Schmidt: Deshalb wird die Gretchenfrage sein: Sind die Kunden willig, einen Aufpreis für alternative Antriebe zu zahlen? Die Hersteller können sicher einige wenige Autos subventionieren. Wir sind aber auch der Meinung, dass  der Staat Anreize schaffen sollte, damit es deutlich mehr werden können. Wir starten übrigens 2012 die Serienproduktion des Smart Electric Drive.  
 
Welches Absatzpotenzial sehen Sie ab 2012?
Schmidt: Ein Absatz im niedrigen fünfstelligen Bereich wäre schon ein toller Erfolg! Das ist aber nur eine vage Prognose. Denn sie hängt sehr stark davon ab, wie viel der Kunde bereit ist, für ein Elektroauto zu zahlen. Und wie hoch die Förderungen der Regierung sind. In Frankreich gibt es 5.000 Euro pro Elektroauto. Da wird das relativ einfach sein.

Natürlich stellt sich auch die Frage, wie wieviel Zero Emission-Vehicles Sie künftig schlicht brauchen, um in Märkten wie Kalifornien überhaupt noch Fahrzeuge verkaufen zu dürfen.
Schmidt: Dieser Aspekt gewinnt zunehmend an Bedeutung.

Welches Potenzial sehen Sie im Smart-Carsharing? Je 1.000 Autos für 30 Metropolen?
Schmidt: So optimistisch möchte ich am Anfang noch nicht sein. Wir schauen uns Schritt für Schritt Metropolen in Europa und in den USA an und glauben an den langfristigen internationalen Erfolg dieses Konzepts.
 
Werden Sie auch Mercedes-Fahrzeuge in Carsharing-Angebote aufnehmen?

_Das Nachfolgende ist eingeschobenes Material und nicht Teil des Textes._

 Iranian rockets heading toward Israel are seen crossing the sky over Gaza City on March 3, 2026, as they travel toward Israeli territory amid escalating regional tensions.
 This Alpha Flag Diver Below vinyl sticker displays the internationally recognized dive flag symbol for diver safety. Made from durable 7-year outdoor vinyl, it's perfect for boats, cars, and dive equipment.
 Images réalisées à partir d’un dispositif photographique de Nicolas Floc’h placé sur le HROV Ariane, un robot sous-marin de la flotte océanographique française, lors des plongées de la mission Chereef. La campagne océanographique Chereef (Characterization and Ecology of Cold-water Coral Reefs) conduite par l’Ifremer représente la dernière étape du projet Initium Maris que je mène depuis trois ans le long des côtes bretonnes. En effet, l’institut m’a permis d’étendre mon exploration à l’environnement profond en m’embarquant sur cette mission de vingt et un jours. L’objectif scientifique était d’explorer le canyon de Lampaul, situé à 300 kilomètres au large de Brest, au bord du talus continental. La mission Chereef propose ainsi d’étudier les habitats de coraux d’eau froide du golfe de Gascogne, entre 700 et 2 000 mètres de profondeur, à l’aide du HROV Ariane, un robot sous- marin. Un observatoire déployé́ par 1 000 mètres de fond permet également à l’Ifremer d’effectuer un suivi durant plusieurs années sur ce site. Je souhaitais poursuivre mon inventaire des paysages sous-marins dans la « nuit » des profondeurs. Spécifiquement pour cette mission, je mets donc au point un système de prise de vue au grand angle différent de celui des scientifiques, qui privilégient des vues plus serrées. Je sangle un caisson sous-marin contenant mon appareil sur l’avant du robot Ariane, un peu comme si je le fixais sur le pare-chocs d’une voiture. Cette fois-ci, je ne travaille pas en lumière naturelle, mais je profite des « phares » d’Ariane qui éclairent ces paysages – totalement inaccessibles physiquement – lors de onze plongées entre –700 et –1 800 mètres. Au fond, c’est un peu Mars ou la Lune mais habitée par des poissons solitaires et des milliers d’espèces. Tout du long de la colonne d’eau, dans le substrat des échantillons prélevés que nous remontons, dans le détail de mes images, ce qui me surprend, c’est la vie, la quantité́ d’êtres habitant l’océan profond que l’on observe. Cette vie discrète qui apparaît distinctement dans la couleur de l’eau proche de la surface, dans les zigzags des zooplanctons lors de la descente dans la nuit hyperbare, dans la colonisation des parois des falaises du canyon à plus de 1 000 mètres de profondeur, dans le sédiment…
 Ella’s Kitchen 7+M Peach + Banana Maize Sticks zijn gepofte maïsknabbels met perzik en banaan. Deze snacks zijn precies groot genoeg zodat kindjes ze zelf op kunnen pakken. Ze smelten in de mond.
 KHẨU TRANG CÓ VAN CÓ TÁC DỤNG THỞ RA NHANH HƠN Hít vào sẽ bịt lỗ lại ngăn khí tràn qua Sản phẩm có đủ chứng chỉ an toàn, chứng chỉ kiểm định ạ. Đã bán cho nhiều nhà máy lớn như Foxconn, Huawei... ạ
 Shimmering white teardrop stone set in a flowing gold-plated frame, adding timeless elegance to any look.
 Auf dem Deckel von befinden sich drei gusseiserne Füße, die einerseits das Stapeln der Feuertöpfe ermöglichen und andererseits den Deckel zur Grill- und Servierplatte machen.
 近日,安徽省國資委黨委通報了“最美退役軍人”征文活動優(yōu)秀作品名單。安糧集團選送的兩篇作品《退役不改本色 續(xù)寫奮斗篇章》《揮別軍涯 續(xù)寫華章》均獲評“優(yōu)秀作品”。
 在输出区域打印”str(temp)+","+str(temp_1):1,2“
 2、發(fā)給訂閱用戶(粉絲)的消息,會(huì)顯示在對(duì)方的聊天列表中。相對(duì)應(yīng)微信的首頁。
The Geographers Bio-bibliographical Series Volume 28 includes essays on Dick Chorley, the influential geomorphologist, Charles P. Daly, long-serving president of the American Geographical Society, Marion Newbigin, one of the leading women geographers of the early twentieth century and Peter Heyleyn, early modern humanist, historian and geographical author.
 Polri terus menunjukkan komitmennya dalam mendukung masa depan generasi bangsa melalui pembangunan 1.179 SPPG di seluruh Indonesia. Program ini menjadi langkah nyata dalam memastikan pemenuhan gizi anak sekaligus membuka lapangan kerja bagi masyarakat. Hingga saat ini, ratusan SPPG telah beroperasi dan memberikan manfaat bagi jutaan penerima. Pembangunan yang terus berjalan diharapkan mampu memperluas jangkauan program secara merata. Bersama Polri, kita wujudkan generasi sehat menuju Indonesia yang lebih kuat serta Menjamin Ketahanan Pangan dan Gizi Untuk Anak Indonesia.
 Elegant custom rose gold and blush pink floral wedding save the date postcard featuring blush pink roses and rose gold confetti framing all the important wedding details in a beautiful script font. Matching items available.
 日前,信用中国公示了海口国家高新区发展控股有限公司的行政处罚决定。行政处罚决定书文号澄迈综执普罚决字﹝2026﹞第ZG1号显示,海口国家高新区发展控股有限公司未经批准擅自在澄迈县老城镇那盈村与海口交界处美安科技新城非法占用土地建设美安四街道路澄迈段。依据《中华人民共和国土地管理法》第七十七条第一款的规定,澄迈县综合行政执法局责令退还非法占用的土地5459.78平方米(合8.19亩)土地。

Schmidt: Nein. Dieses Konzept bleibt auf Smart beschränkt. Der Smart Fortwo ist einfach ideal für den Stadtverkehr.
 
Wie begegnen Sie sonst noch dem wichtigen Trend des Downsizings?
Schmidt: Das Klein- und Kompaktwagensegment bietet große Wachstumspotentiale. Deshalb erweitern wir ab Ende 2011 mit der Nachfolgegeneration der heutigen A- und B-Klasse das Produktangebot im Kompaktwagen-Segment von bisher zwei auf dann vier Modelle und wollen damit überproportional wachsen. Und wir werden damit neue und jüngere Kunden gewinnen. Das Klein- und Kompaktwagen-Segment wird nach unseren Prognosen weltweit bis 2015 um rund ein Drittel wachsen.
 
2011 wird ein harter Kampf in der Kompaktklasse: mit der Neuauflage des BMW 1er und Audi A3. Wie wollen Sie im Wettbewerb heraus stechen?
Schmidt: Wir werden die A- und B-Klasse-Nachfolger, die MFA-Familie wie wir sie nennen, von zwei auf vier Modelle ausbauen. Wir bieten dann vier unterschiedliche Modelle, die wir nicht als Bruder und Schwester sehen, sondern als ein jeweils sehr eigenständiges Angebot mit unterschiedlichem Design und einer eigenen Positionierung. Den Rollout der ersten beiden Modelle starten wir bis 2012. Wir wollen über alle Varianten unser Volumen in diesem Segment verdoppeln. Wir bauen unsere Produktionskapazitäten deshalb bekanntlich durch unser neues Werk Ungarn aus, das 2012 seinen Betrieb aufnimmt.
 
Welche Potenziale ergeben sich durch den Daimler-Renault-Pakt für Ihr Kompaktsegment?
Schmidt: Wir erweitern im Rahmen dieser strategischen Kooperation unser Motorenportfolio um zusätzliche, hocheffiziente Einstiegsmotoren für unsere neuen Kompaktfahrzeuge. Durch diese Einstiegsmotoren mit kleinerem Hubraum wird die Möglichkeit geschaffen, neue Kundengruppen anzusprechen und damit zusätzlichen Absatz für die neue Kompaktwagengeneration zu generieren.  Im Nutzfahrzeugbereich werden wir auch einen kleinen Van anbieten.
 
Und was ist mit einem Einstiegsmodell von Infiniti auf Plattform der A- und B-Klasse?
Schmidt: Das ist in einem sehr frühen Diskussions-Stadium. Sie sehen aber auch am Interesse anderer Premiumhersteller, wie attraktiv unsere zukünftigen Autos im Kompaktsegment sein werden. Insgesamt sind wir dort hervorragend aufgestellt.